Magnitude is a measurement of the energy produced by an earthquake and is not a measure of the shaking you feel. What you feel is very complex - hard or gentle, long or short, jerky or rolling - and is not describable with one number. What you feel in an earthquake is controlled by three main factors: magnitude, distance, and local soil conditions.
Typically you will feel more intense shaking from a big earthquake than from a small one. Bigger earthquakes also release their energy over a larger area and for a longer period of time.
An earthquake begins at a hypocenter, and from there the rupture front travels along the fault, producing waves all the time it is moving. Every point crossed by the rupture front gives off shaking, so longer faults produce bigger earthquakes that have longer durations. The actual durations of 15 earthquakes are shown here. For a magnitude 5 event, the actual process of rupturing the fault is over in a few seconds, although you might continue to feel shaking for longer because some waves reach you after they bounce and echo within the earth.
The magnitude 7.8 earthquake on the San Andreas fault in 1857 ruptured almost 360 kilometers (220 miles) of the fault. At 3 kilometers (2 miles) per second, it took two minutes for that length of fault to rupture, so you would have felt shaking for several minutes.
Earthquake waves diminish in intensity as they travel through the ground, so earthquake shaking is less intense farther from the fault.
Low-frequency waves diminish less rapidly with distance than do high-frequency waves. If you are near an earthquake, you will experience all the shaking produced by the earthquake and feel "jolted." Farther away, the higher frequencies will have died away and you will feel a rolling motion.
The amount of damage to a building does not depend solely on how hard it is shaken. In general, smaller buildings such as houses are damaged more by higher frequencies, so usually houses must be relatively close to the hypocenter to be severely damaged. Larger structures such as high-rises and bridges are damaged more by lower frequencies and will be more noticeably affected by the largest earthquakes, even at considerable distances.

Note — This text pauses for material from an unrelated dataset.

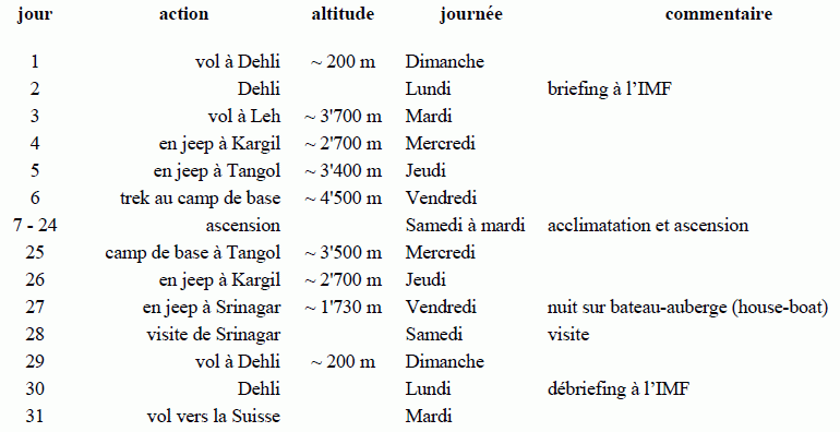 En tenant compte de la période favorable pour la pratique de la montagne dans cette région, un départ pourrait être planifié le dimanche 9 septembre 2007.
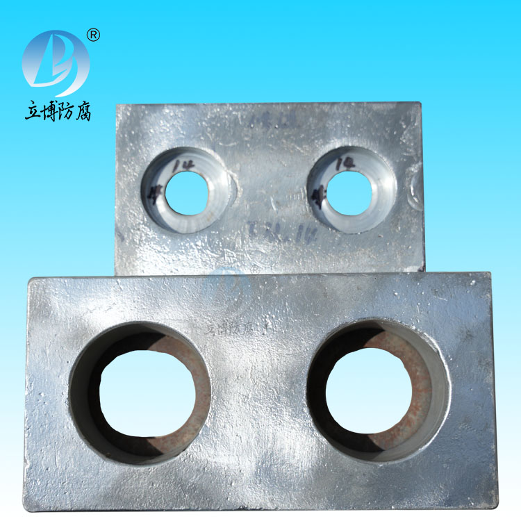 鋅合金陽(yáng)極適用于海水、淡海水介質(zhì)中的船舶、壓載水艙、機(jī)械設(shè)備、海洋工程和海港設(shè)施、鉆井平臺(tái)、港口碼頭、海水介質(zhì)的冷凝器、水泵以及低電阻率土壤中的管道、電纜等設(shè)施金屬防腐蝕的陰極保護(hù)。

Soils can greatly amplify the shaking in an earthquake. Passing from rock to soil, seismic waves slow down but get bigger. Hence a soft, loose soil may shake more intensely than hard rock at the same distance from the same earthquake. An extreme example for this type of amplification was in the Marina district of San Francisco during the 1989 Loma Prieta earthquake. That earthquake was 100 kilometers (60 miles) from San Francisco, and most of the Bay Area escaped serious damage. However, some sites on landfill or soft soils experienced significant shaking.
The same factors also apply to areas covered by thick sediment - such as the Los Angeles basin in where sediments can be as much as 10 kilometers (6 miles) thick. Shaking from an earthquake in the region can be 5 or more times greater at a site in the basin than the level of shaking in the nearby mountains.
Several other factors can affect shaking. Earthquake waves do not travel evenly in all directions from the rupture surface; the orientation of the fault and the direction of movement can change the characteristics of the waves in different directions. When the earthquake rupture moves along the fault, it focuses energy in the direction it is moving so that a location in that direction will receive more shaking than a site at the same distance from the fault but in the opposite direction. This is called directivity.
After an earthquake, knowing more about what just happened can reduce fear and help you understand what to expect next. Online earthquake information products include:
"Did You Feel It?" - Tell us what you felt! Personal experiences of the effects of an earthquake are very valuable to scientists. When you have felt a quake, please report your observations by using a quick survey found on the U.S. Geological Survey "Did You Feel It?" Web site at earthquake.usgs.gov/earthquakes/dyfi/php.
When you fill out this online survey, your observations of actual damage and shaking are combined with those of thousands of other people. The quake's shaking intensities, derived from these observations, are displayed by ZIP code on a "Community Internet Intensity Map."
"ShakeMap" - Within 5 to 10 minutes of most felt earthquakes (magnitude 3.5 and greater) in Southern California, a "ShakeMap" is posted on the Web. This map shows the range of shaking intensities across a region. Every quake has only a single magnitude, but it produces a range of shaking intensity values over the area in which it is felt.
ShakeMaps use data from seismic instruments to provide a rapid picture of where the strongest shaking occurred. These maps help to identify areas where a quake's impact is greatest and are used by emergency managers to speed disaster response. ShakeMaps are available at www.cisn.org/shakemap or earthquake.usgs.gov/earthquakes/shakemap/.